# Newey-West standard errors in Fama-MacBeth regressions

I noticed that during the recent decade most of papers, which use Fama-MacBeth regressions compute Newey-West standard errors. I tried to find detailed description of this procedure in the books on empirical asset pricing (Campbell, Lo and MacKinlay; Cochrane; Bali, Engle, Murray), but none of them clearly decribes how to compute Newey-West standard errors in Fama-MacBeth (FM) regression.

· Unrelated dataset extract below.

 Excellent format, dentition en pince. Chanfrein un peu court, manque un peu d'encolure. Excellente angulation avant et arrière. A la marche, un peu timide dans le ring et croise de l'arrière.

As far as I understand, in the first step of FM procedure we run cross-sectional regression of returns on characteristics for each month: $R_i = \alpha + a_1\beta_i + a_2Ch_{1i} + a_3Ch_{2i} + ... + \epsilon_i$.

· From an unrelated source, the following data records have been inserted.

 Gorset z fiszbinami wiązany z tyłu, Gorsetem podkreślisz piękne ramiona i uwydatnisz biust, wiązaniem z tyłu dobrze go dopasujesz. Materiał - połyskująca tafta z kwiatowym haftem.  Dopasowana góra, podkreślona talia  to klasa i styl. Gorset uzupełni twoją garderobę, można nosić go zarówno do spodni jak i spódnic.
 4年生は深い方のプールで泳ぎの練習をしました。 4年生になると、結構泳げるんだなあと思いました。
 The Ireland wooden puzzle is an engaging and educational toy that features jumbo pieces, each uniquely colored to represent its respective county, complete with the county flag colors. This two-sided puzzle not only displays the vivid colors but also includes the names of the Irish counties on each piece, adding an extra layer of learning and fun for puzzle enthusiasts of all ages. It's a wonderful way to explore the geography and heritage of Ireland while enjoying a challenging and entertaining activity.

In the second step for each characteristic we find sample mean of the time series of its coefficients from step 1 and find the standard error, assuming that the coefficient estimates are normal iid. That is in time series $\{\hat{a}_{11}, \hat{a}_{12} ... \hat{a}_{1t}\}$ we find its mean $\bar{a_1}$ and its standard error as a square root of $\frac{1}{t}\sigma^2(\{\hat{a}_{11}, \hat{a}_{12} ... \hat{a}_{1t}\})$, where by $\sigma^2(X)$ I mean a variance of X.

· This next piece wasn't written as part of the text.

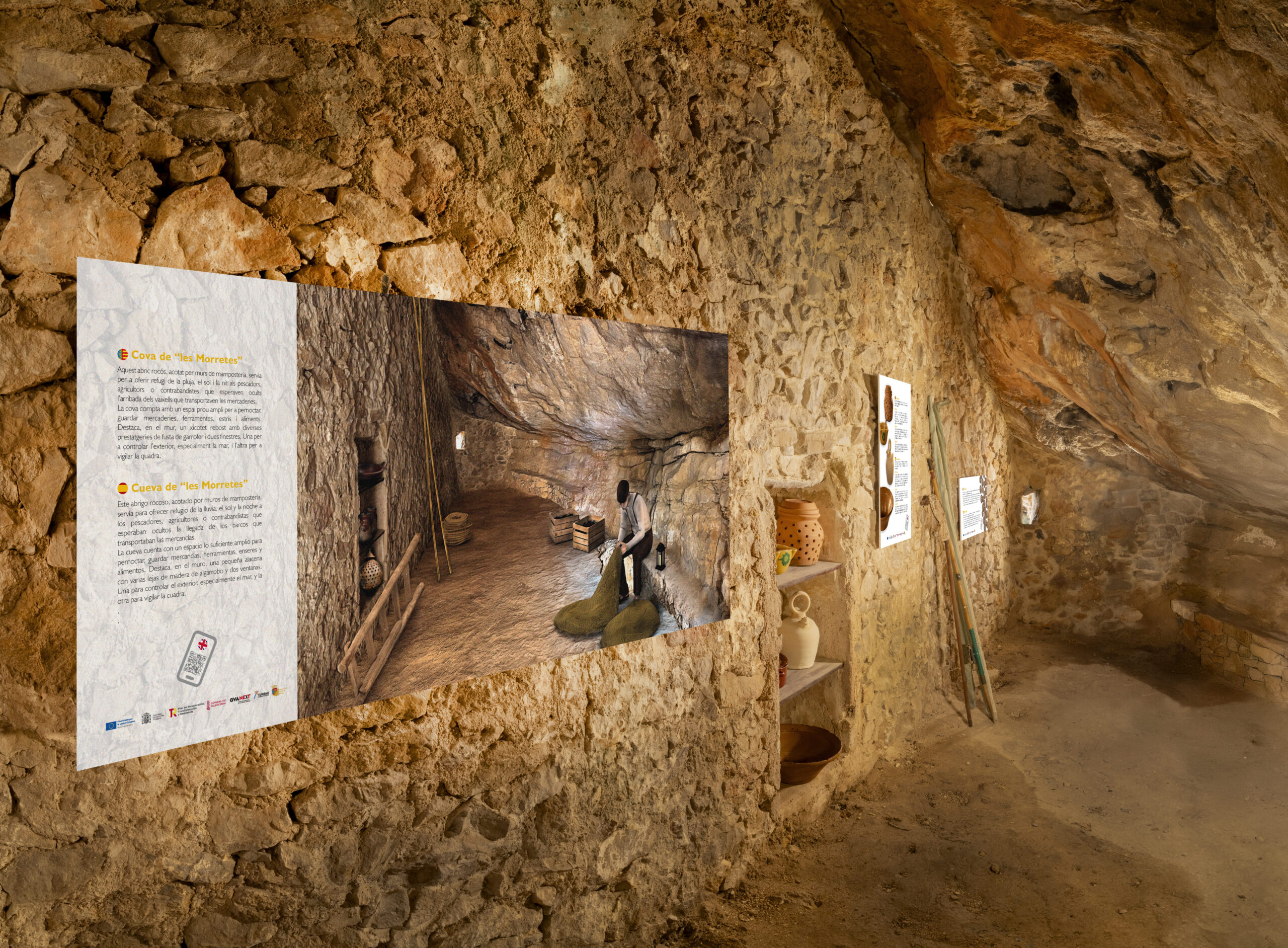 Ara sí. Després dels recents treballs d’instal·lació de panelleria interpretativa, es pot dir que la Cova de les Morretes és ja un museu davant de la mar que rememora la història de les coves dels penya-segats del Poble Nou de Benitatxell que un dia van ser el refugi de contrabandistes, pescadors i agricultors.

Now we want to find Newey-West standard errors. Does it mean that now standard error (suppose 3 lags) is a square root of $\frac{1}{t}(\sigma^2(\{\hat{a}_{11}, \hat{a}_{12} ... \hat{a}_{1t}\})+\frac{4}{3}\gamma_1(\{\hat{a}_{11}, \hat{a}_{12} ... \hat{a}_{1t}\})+\frac{2}{3}\gamma_2(\{\hat{a}_{11}, \hat{a}_{12} ... \hat{a}_{1t}\}))$,

where $\gamma_1(X)$ means autocovariance of X at lag 1? I used Newey-West equation from Econometrics by Hayashi, page 409.

Is it correct?